■ PROBLEM REQUIREMENTS: Keep the images out while you set down the data exactly.
[Opening RECORDED INFORMATION section]
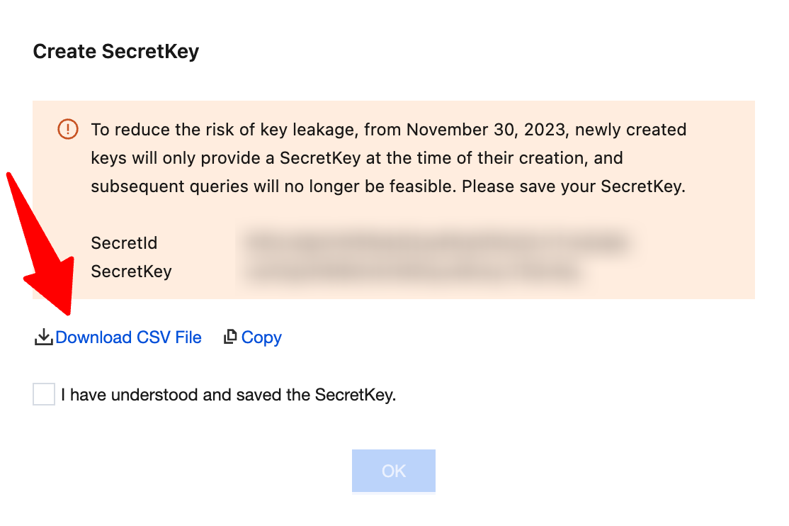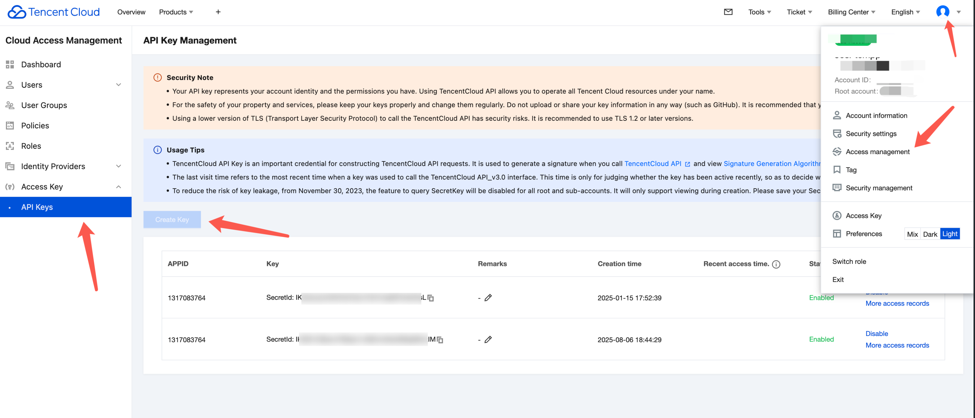 填写开通 COS 桶使用的腾讯云账号(购买 TCSAS 套餐的账号)下的 SecretKey 和 SecretId,在访问管理-API 密钥处获取。
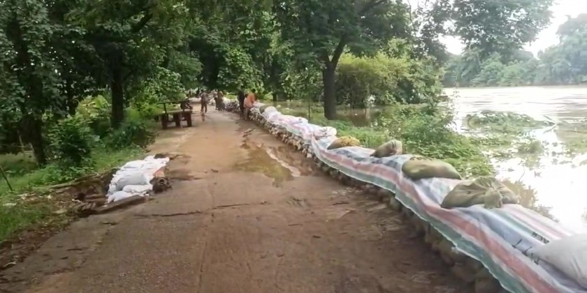 To mitigate the risk of inundation caused by the river's surge, preparation measures are being implemented along the embankment. These include placing sandbags in low-lying areas and preparing for evacuation procedures in the event of a disaster.
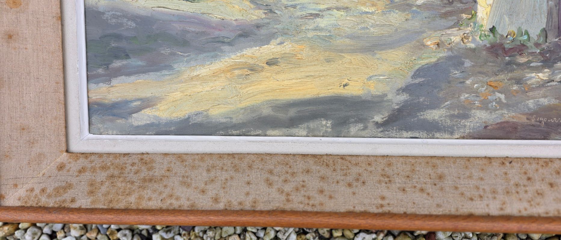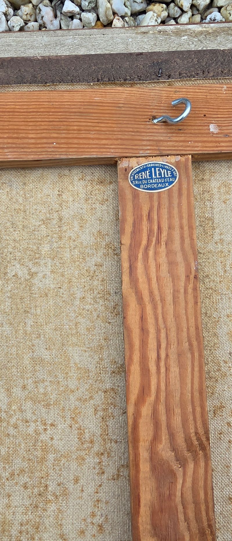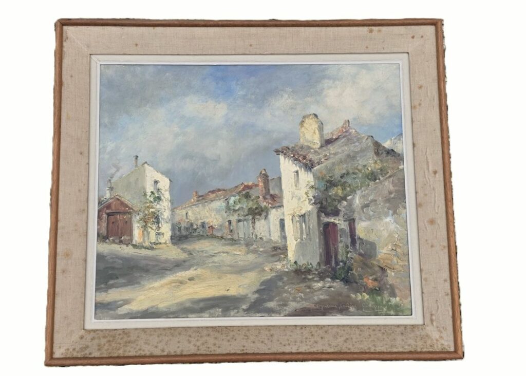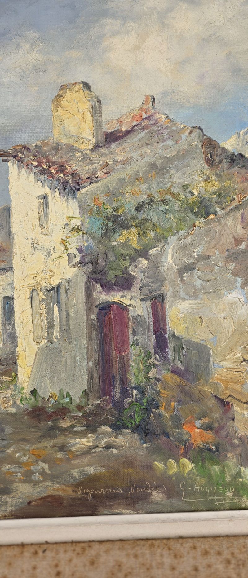 Grande huile sur toile intitulée « Sigournais – Vendée » signée en bas à droite de la main du peintre Augizeau Gabriel. Belle perspective pour cette peinture en relief représentant une vue du village de Sigournais. Vers 1950, elle est encadrée d’un cadre des mêmes années. Celui-ci présente des taches de mouillures mais est en très bon état comme la peinture.
[Closing RECORDED INFORMATION section]
■ OUTPUT BELOW:
 填写开通 COS 桶使用的腾讯云账号(购买 TCSAS 套餐的账号)下的 SecretKey 和 SecretId,在访问管理-API 密钥处获取。
 To mitigate the risk of inundation caused by the river's surge, preparation measures are being implemented along the embankment. These include placing sandbags in low-lying areas and preparing for evacuation procedures in the event of a disaster.
 Grande huile sur toile intitulée « Sigournais – Vendée » signée en bas à droite de la main du peintre Augizeau Gabriel. Belle perspective pour cette peinture en relief représentant une vue du village de Sigournais. Vers 1950, elle est encadrée d’un cadre des mêmes années. Celui-ci présente des taches de mouillures mais est en très bon état comme la peinture.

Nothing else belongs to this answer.